Description Roman 2017-10-24 08:32:47 UTC

Hi, i want to propose new check. Recently i worked with QGraphicsItem and wanted to cast a pointer. Because i use Qt i prefer to use it's cast functions, for example qobject_cast. But somehow qgraphicsitem_cast did not work as i expected it should be for "_cast" function. My first guess was to reimplement the type() function as mentioned in documentation. But this did not help me too. Then after some time i figured out that qgraphicsitem_cast can only cast from QGraphicsItem pointer to real object type, you can't get nothing on "middle" of hierarchy with it. And i was trying to get item's parent. My mistake.

To sum up thoughts i propose check if the type() reimplemented for item used with qgraphicsitem_cast. Without it it will not work. And also check if developer doesn't try to cast on "middle". This will also doesn't work.

Yes, this is stupid mistake i did, but for someone such a check can potentially save several hours. Hope you will like my idea.

Comment 1 Sergio Martins 2017-10-24 09:15:45 UTC

QGraphicsItem *item = ...;
if you do qgraphicsitem_cast<Foo>(item);

I can warn if Foo::type() is missing, indeed.

But what's this about "middle" ?
If Foo derives from Bar, and Bar::type() is also implemented, isn't this OK ?

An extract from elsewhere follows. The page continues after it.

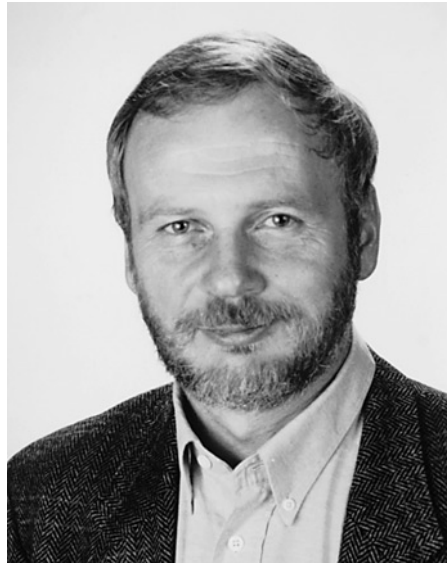
Prof. Dr. Hartmut Michel geb. 18. Juli 1948 in Ludwigsburg

Alta Trinità Beata. Gesammelte Studien zur altkirchlichen Trinitätstheologie, Tübingen, 2000.

Sorry, I've never used qgraphicsitem_cast

Comment 2 Roman 2017-10-24 09:30:21 UTC

See, this cast function is very tricky. Let's imagine such an hierarchy:

class Bar : public QGraphicsItem
{
    virtual int type() const Q_DECL_OVERRIDE {return Type;}
    enum { Type = UserType + 1};
};

class Foo : public Bar
{
    virtual int type() const Q_DECL_OVERRIDE {return Type;}
    enum { Type = UserType + 2};
};

Foo *f = new Foo();

Bar *b = f;

b->type() == f->type();

Because the type() function is virtual in both cases you will get the same result from Foo::type(). This looks obvious. But what if i want use qgraphicsitem_cast like this:

QGraphicsItem *p = new Foo();
Bar *parent = qgraphicsitem_cast<Bar *>(p);

It will not work! qgraphicsitem_cast can only cast to Foo in this case. If i want to cast to Bar i must not to reimplement the type() function in Foo.